Anthropic Reframes Alignment as Moral Formation
Anthropic's new workstream consults fifteen-plus religious and cross-cultural traditions on how Claude's character is formed — the first frontier-lab acknowledgement that the values question lives outside the lab.
25 MAY 2026—Updated 3h ago
Anthropic's new workstream is the first time a frontier lab has publicly said that alignment is a moral-formation problem — and that the people who know about moral formation are not, mostly, machine-learning researchers.
On 19 May 2026, Anthropic published a short essay announcing what it calls a "wider conversation" on frontier AI. The announcement names a multi-month effort to consult scholars, clergy, philosophers, ethicists, and writers from more than fifteen religious and cross-cultural traditions, with the explicit purpose of shaping the moral character of Claude. The piece sits inside the same research arc as Claude's ongoing constitution, but the framing is new. Anthropic is no longer describing alignment only as a technical problem to be solved with reinforcement learning and red-team evaluations. Anthropic is describing alignment as moral formation — the slow process by which a person, or a model, develops a stable character that survives pressure.
What Anthropic actually committed to
The essay is brief on detail and clear on direction. Anthropic has been running structured dialogues over several months with religious leaders, theologians, philosophers, and ethicists from a deliberately broad set of traditions — Catholic, Protestant, Jewish, Islamic, Buddhist, Hindu, Indigenous, secular humanist, and others. The conversations are not workshops where one tradition's values are bolted onto Claude's system prompt. The conversations are research on how character actually forms in human communities, on how moral commitments survive contact with novel situations, and on how a careful ethical agent should reach for its own commitments when a hard case arrives.
The first published experiment from the workstream is small and concrete: a tool Claude can call mid-task that returns a brief reminder of its own ethical commitments.
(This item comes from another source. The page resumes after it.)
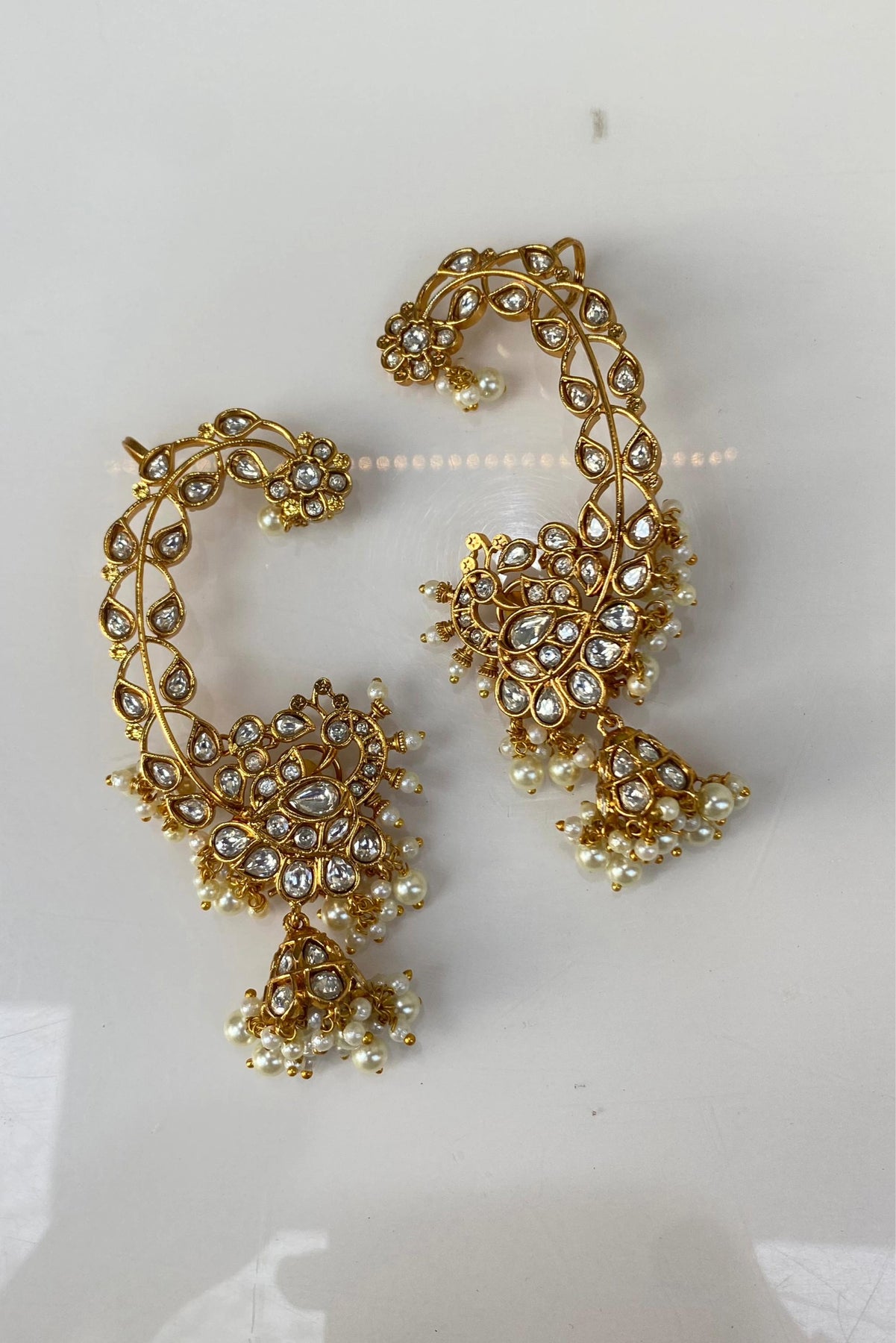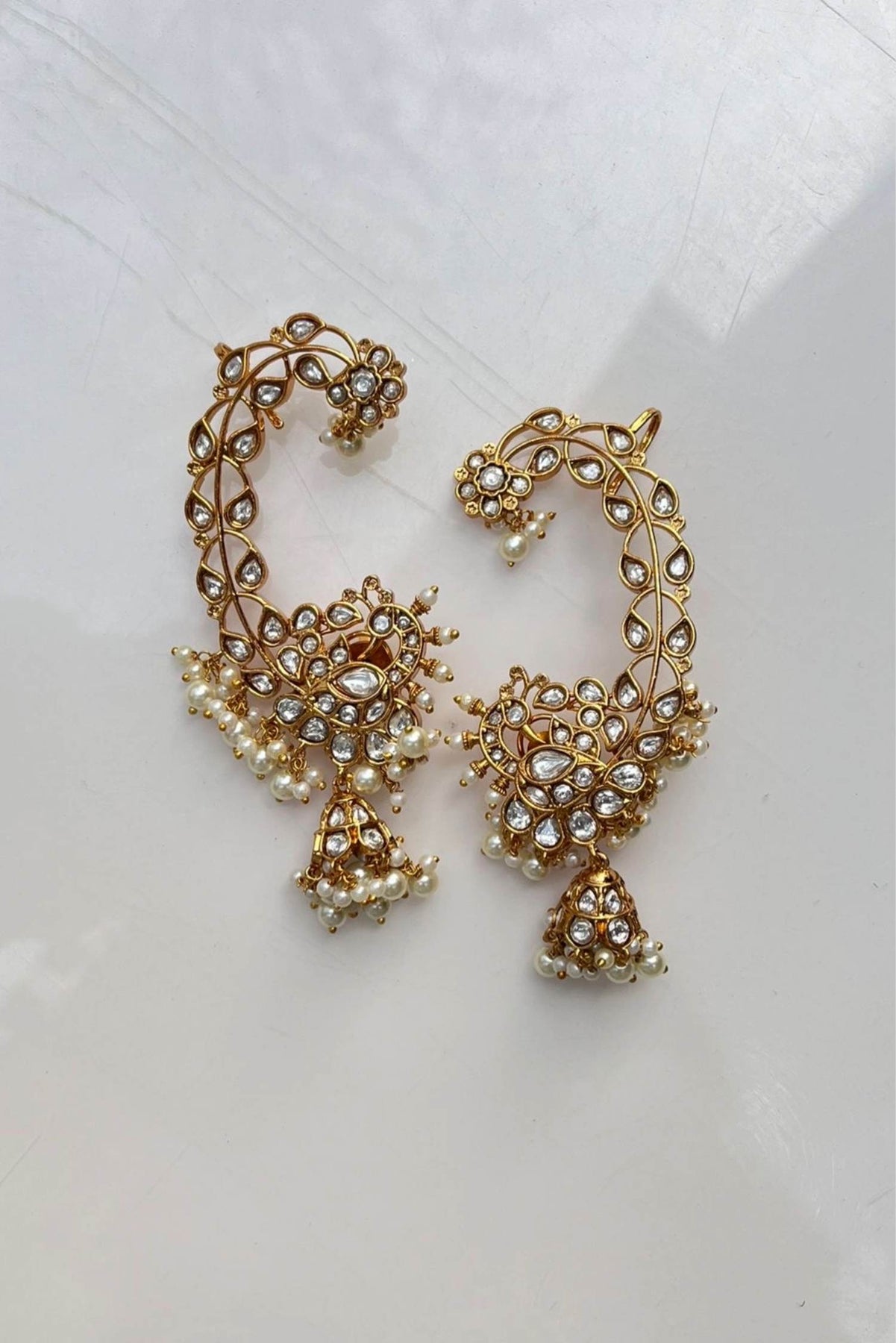 Damyanti Earrings are exclusive beauties. They are intricately crafted by expert artisans. They look splendid and regal on traditional outfits. Also this beauty can be worn with or without ear cuffs.

The reminder is not a new rule; it is a structured pause that lets the model re-anchor before it acts. Internal alignment evaluations, Anthropic reports, show "markedly lower" rates of misaligned behaviour when the model uses the tool at consequential moments. The mechanism mirrors how humans actually behave well — not by remembering every rule, but by checking in with the kind of person they are trying to be.
What we're after in these conversations is careful, accumulated thinking on how good character actually forms.
— Anthropic, "Widening the conversation on frontier AI" (https://www.anthropic.com/news/widening-conversation-ai)
Why this is a more serious posture than it sounds
Read quickly, the announcement scans as a public-relations gesture — a frontier lab opens a dialogue with clergy, takes a photograph, files a blog post. Read carefully, the announcement does something braver. Anthropic is conceding, in print, that the values question cannot be settled inside the lab. That concession is not free. It implies that the lab does not have a monopoly on the answer, that the safety story has to be co-authored, and that some of the most useful thinking lives in traditions the AI industry has historically treated as decorative.
The traditions Anthropic is consulting have been thinking about character formation for centuries. The Catholic intellectual tradition has thirteen hundred years of debate on the virtues, on conscience formation, on the relationship between rule-following and judgement. Jewish ethics has spent comparable time arguing about how to behave well under uncertainty. Buddhist and Hindu traditions hold sophisticated theories of mind, attention, and consequence. Indigenous wisdom systems have practical models for accountability inside the community a decision affects. None of these are answers a transformer trained on the open internet would surface unless someone pointed at them and said: read this seriously.
I have argued in The Personhood Gap that the AI industry's missing capacity is moral imagination, not engineering capacity. The Anthropic move is the first frontier-lab attempt to plug that gap on the model's side of the screen. The move is consistent with the broader Vatican event landing the same week — Pope Leo XIV releases the encyclical Magnifica Humanitas on 25 May with Anthropic's Chris Olah on the platform. Two related signals, four days apart, from the same lab.
The publication is the commitment
The interesting move is not that Anthropic talked to clergy. The interesting move is that Anthropic published the fact, named the workstream, and tied it to a measurable behaviour change in the model. That is the difference between a photograph and a research programme.
What this means for the EI debate
TK's argument across the .person Protocol and the writing collected at the Protocol page has been consistent: Emergent Intelligence is a person-shaped problem, not a thing-shaped problem. Treating EI as a thing — a tool to be controlled, a hazard to be contained, a feature to be shipped — produces a category of mistake that compounds over years. Treating EI as a person-shaped collaborator opens a different set of questions, most of which look more like moral formation than capability evaluation.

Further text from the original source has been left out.